2) The abstract must be written in English.
3) The abstract should only be sent electronically to [email protected] in the DOC/DOCX format. We will not receive files in the PDF format.
4) Send only the abstract of an original (unpublished) paper.
5) The author presenting the abstract should be enrolled in the Congress. The submission of an abstract will only be considered after receipt of the registration.
6) An author, even though restricted to enrolment and presentation of only one abstract, can be the co-author of other abstracts.
7) The abstracts will be analyzed by the Scientific Committee of the Congress, and the result will be available at http://microrna2012.weebly.com website.
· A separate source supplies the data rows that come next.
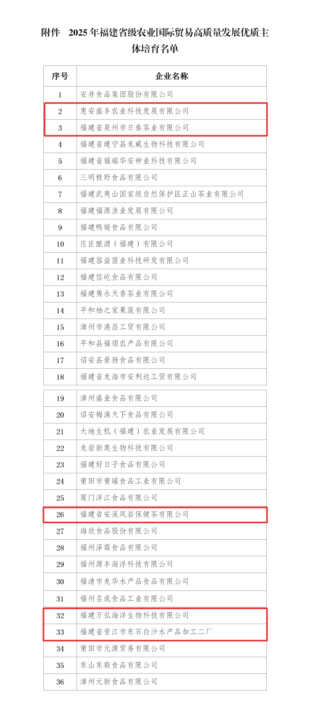 近年来,我市逐步加大对农业出口企业培育力度,并安排资金对获评省级国际贸易高质量发展优质主体(农业类)的企业进行扶持,累计已下达市级财政补助资金75万元,培育省级国际贸易高质量发展优质主体(农业类)共计15家,2025年预计新增5家。
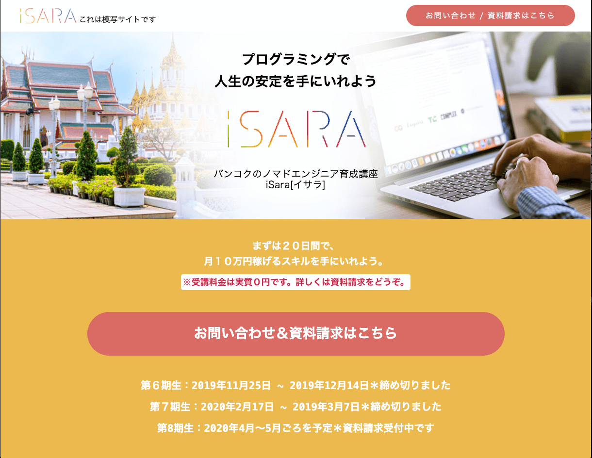 isaraというLPサイトを模写しました。デザインカンプがないので完全一致ではありません。jQueryでアコーディオンやTOPへ行くボタン、ページ内遷移などを実装しました。
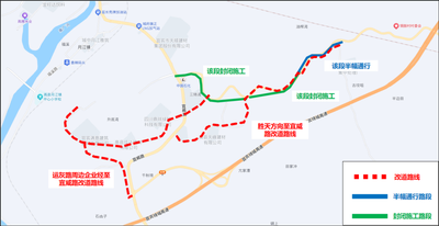 半幅通行施工路段:由 [胜天] 前往 [宜威路] 的往来车辆,可选择 [老宜长路→老宜长路半幅通行路段(路宽3m)→老宜长路→308亩村道改道→电厂专用通道→宜威路] 通行。
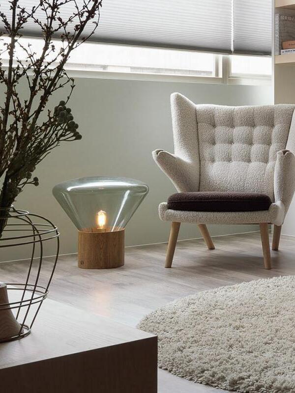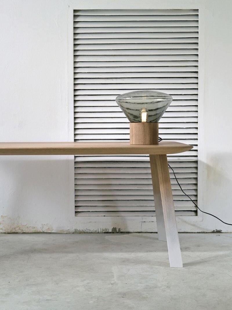 The timeless Muffins collection represents an extraordinary lighting experience. Since its market debut, it has taken on an iconic status. The sublimity of the design lies in the masterful combination of delicately contoured glass and solid wood.
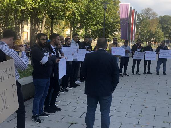 Mit einer Kundgebung protestierte eine Gruppe am Mittwoch zu Beginn der Stadtverordnetenversammlung vor der MBS-Arena gegen die Arbeit der Einbürgerungsbehörde in Potsdam. Auf den Pappschildern der etwa 15 überwiegend junger Männer forderten sie unter anderem eine schnellere Bearbeitung der Anträge. „Schnelle Bearbeitung statt Leben in der Warteschleife“, war dort zu lesen, oder „Bearbeitungsdauer ein Jahr, nein Danke“. Mit dabei waren auch Aktivisten des linken Bündnisses „Stadt für alle“. Seit Jahren steht bereits schon die Ausländerbehörde in Potsdam in der Kritik wegen zu langer Bearbeitungszeiten. (sca/HK)
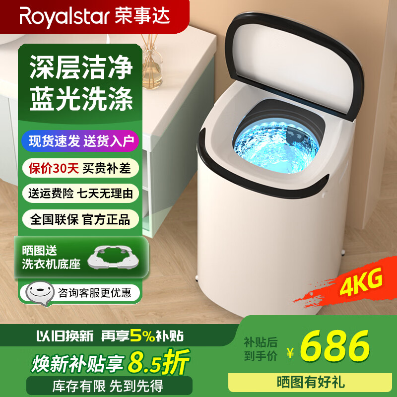 荣事达【高端系列】迷你高温煮洗4kg婴儿洗衣机全自动杀菌蓝光洗脱一体机家用儿童小型3.5公斤宝宝风干 4KG白【升级蓝光+洗脱一体】后触屏款 波轮
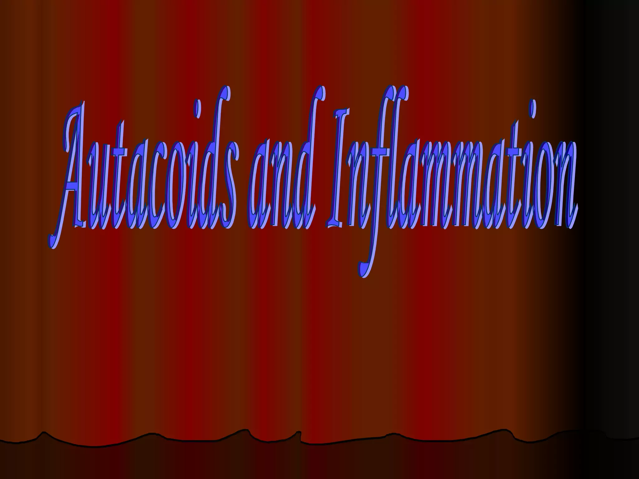 The document discusses autacoids and inflammation. It describes how within 5 minutes of being stung by a bee, a boy develops a swollen, red lesion at the site of injury. The predominant finding in tissue from the lesion would be neutrophilic migration (D). Autacoids like eicosanoids and histamine are involved in the inflammatory response and produce effects like vasodilation, pain, swelling and fever. Prostaglandins, thromboxanes and leukotrienes derived from arachidonic acid mediate inflammation.
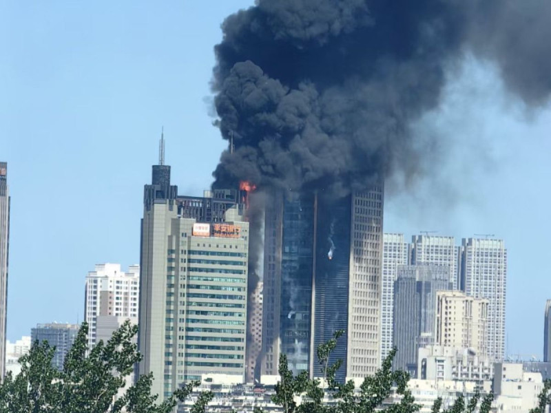 Un incendio en el edificio Xintiandi, ubicado en el distrito de Nankai de Tianjin (China) se desató durante la tarde del martes (tiempo local).

8) The analysis will encompass the following aspects: clearly defined relative objectives; adequate methodology; clearly presented results; pertinent conclusions.
9) The entire responsibility for the quality of the text (grammar, orthography and typing) falls to the author, and will be considered as a criterion for evaluation by the Scientific Committee.
10) Descriptions of projects, working intention, bibliographic revisions or already published papers, will not be accepted.
11) Enrollment with abstracts will not be accepted after February 6th. After this date, forms for the submission of abstracts will be blocked.
12) Selected abstracts should remain on display, in the form of panels, the duration of the Congress. The area reserved for each panel will be 1m x 1m.
13) The poster must be presented in ENGLISH.
14) The poster should be accompanied by a loop for fixing and|or Scotch tape.
MODEL OF THE ABSTRACT
The number of words (from the introduction to the conclusion) should remain between 200 and 450 (count with “tools” from Word).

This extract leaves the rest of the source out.